Online, she was so outraged by a fellow chat participant’s sign-on name — unprintable here — that she complained.

“These threads are getting ridiculously out of control!” she wrote in part, “and I can’t believe you even let this person have that name as a sign on at all….”

For some experts, online writers and chat participants, it’s only more evidence that the level of American discourse has coarsened.

But for others, it’s not the discourse that has changed. Technology has allowed more access by those formerly stifled from expressing themselves.

Most, however, agree that conversations among Americans – online, on TV and in person – have become different than they were only two decades ago.

Experts say the way we talk to each other actually has been changing for the past century for many social reasons.
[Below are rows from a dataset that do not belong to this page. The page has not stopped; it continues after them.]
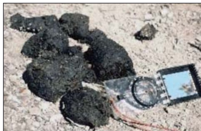
Помет бурого медведя

Бурый медведь может оставить следы когтей на почве, пне, палатке, крыле автомобиля, прикусить зубами любой объект, включая брошенный рюкзак, консервную банку, канистру или выступающую часть автомобиля. Предполагается, что несильные хватки зубами есть часть исследовательской деятельности зверя по отношению к незнакомым объектам. Медведь любого возраста и пола может поваляться (или потоптаться) на золе и пепле от сожженных предметов, порошках разной природы (мел, удобрения и т.д.), пятнах нефти и нефтепродуктов, любых других пахучих объектах. Позже он может потеряться о маркировочное дерево и запачкать его этими веществами.
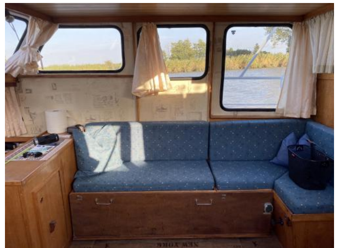
Salon Ansicht 3
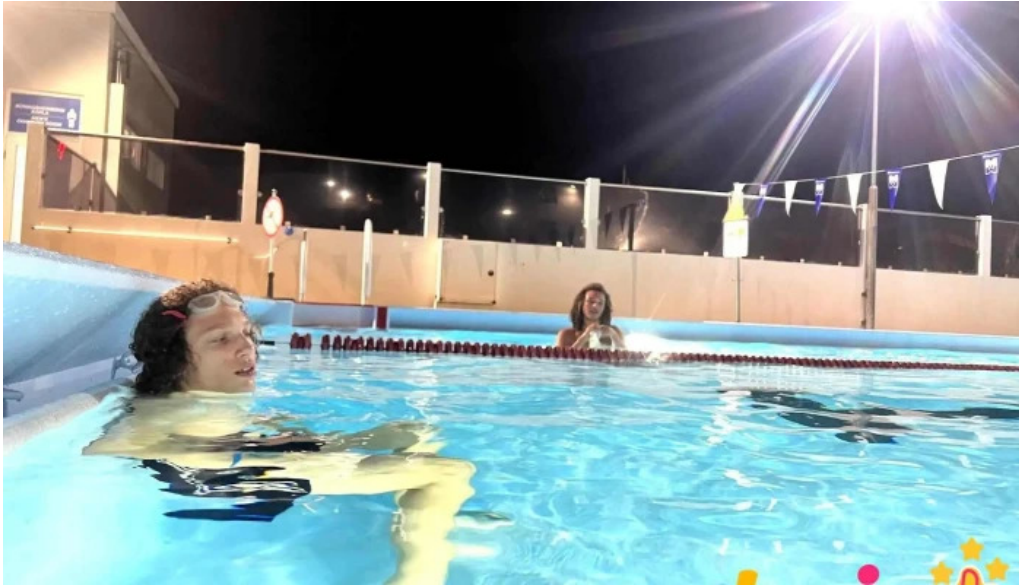
Hestamannafelagid hordur íþrottafelag
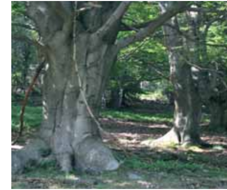
Hutewald bei Gellershausen
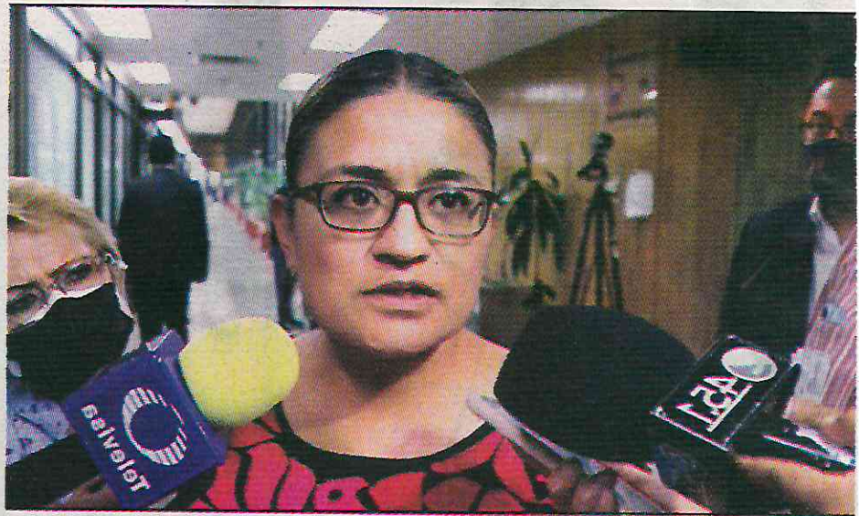
Se gastó el dinero en hacerse publicidad

Del mismo modo, el organismo electoral informó que
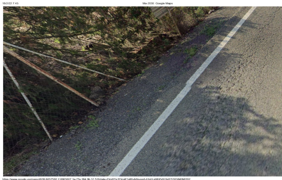
Figura 3. Imatge Google Maps. PQ 1+370

Aquesta escassa entitat dels desperfectes existents al ferm, també es pot apreciar en les següents imatges (figures 3 i 4).
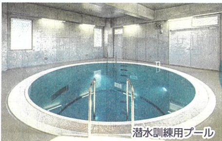
潜水訓練用プール
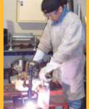
Corte a plasma
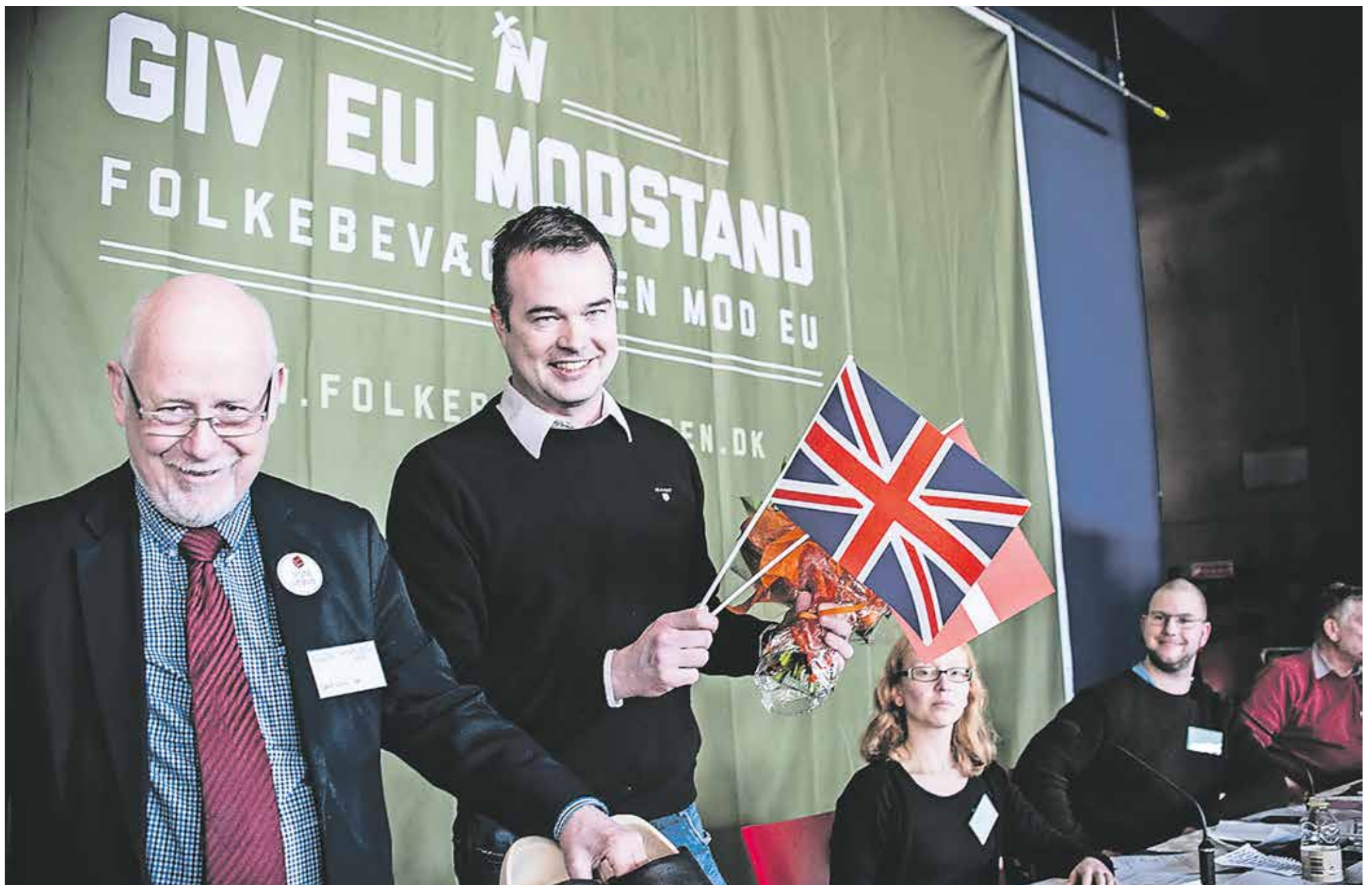
På landsmødet i 2016 gav Folkebevægelsen sin Internationale Træskopris til EU-modstanderen Kelvin Hopkins, som er medlem af det britiske Underhus for Labour. Prisen gives for at stå fast imod EU.
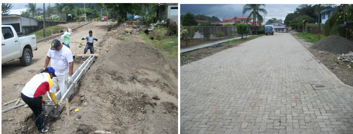
Fábrica y colocación de adoquines en Palmar Norte

Proyecto Fábrica y colocación de adoquines en Cuadrantes Urbanos de Palmar Norte, sector Iglesia Católica, camino 6-05-020.

But in the past few years, the ease of Internet access and the ability to write anonymously has further accelerated the changes.

“These things went on prior, but now that you have easy access, it’s easier and quicker to show your prejudice,” says John Shure, a contractor for DuPont who has chatted online many times, and who reprimanded one delawareonline chat participant who had made racist remarks.

“People who say some things would not say them if they had to tell their real names,” he says. “Especially in Delaware, because it’s so small. People have a lot of pent-up stuff inside them.”

In the last year, hundreds of newspaper Web sites across the country have added features that allow online readers to easily and anonymously add their comments on each article.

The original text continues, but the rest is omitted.